*Goal of the exercise*: A faithful copy of the data is what is wanted, minus any pictures.

Supplied information section start

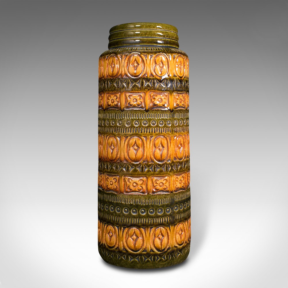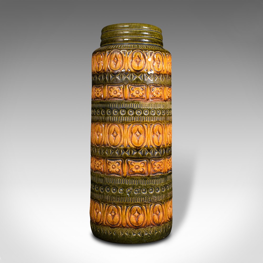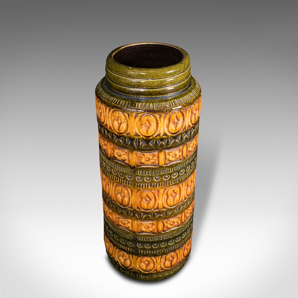 This is a vintage flower vase. A German, ceramic lava slip or decorative hall stick stand, dating to the mid 20th century, circa 1970.Striking period colour and decoration
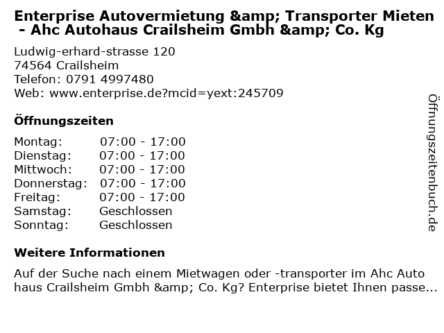 Branchen & Suchbegriffe zu Enterprise Autovermietung & Transporter Mieten - Ahc Autohaus Crailsheim Gmbh & Co. Kg:ahc, autohaus, autovermietung, enterprise, mieten, transporter |
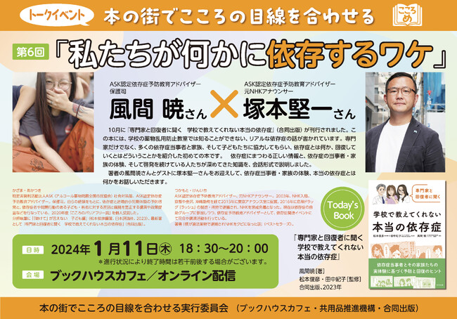 著者の風間暁さんとゲストに塚本堅一さんをお迎えして、依存症当事者・家族の体験、本当の依存症とは何かをお話しいただきます。

Supplied information section end

*Answer for the task*:
 This is a vintage flower vase. A German, ceramic lava slip or decorative hall stick stand, dating to the mid 20th century, circa 1970.Striking period colour and decoration
 Branchen & Suchbegriffe zu Enterprise Autovermietung & Transporter Mieten - Ahc Autohaus Crailsheim Gmbh & Co. Kg:ahc, autohaus, autovermietung, enterprise, mieten, transporter |
 著者の風間暁さんとゲストに塚本堅一さんをお迎えして、依存症当事者・家族の体験、本当の依存症とは何かをお話しいただきます。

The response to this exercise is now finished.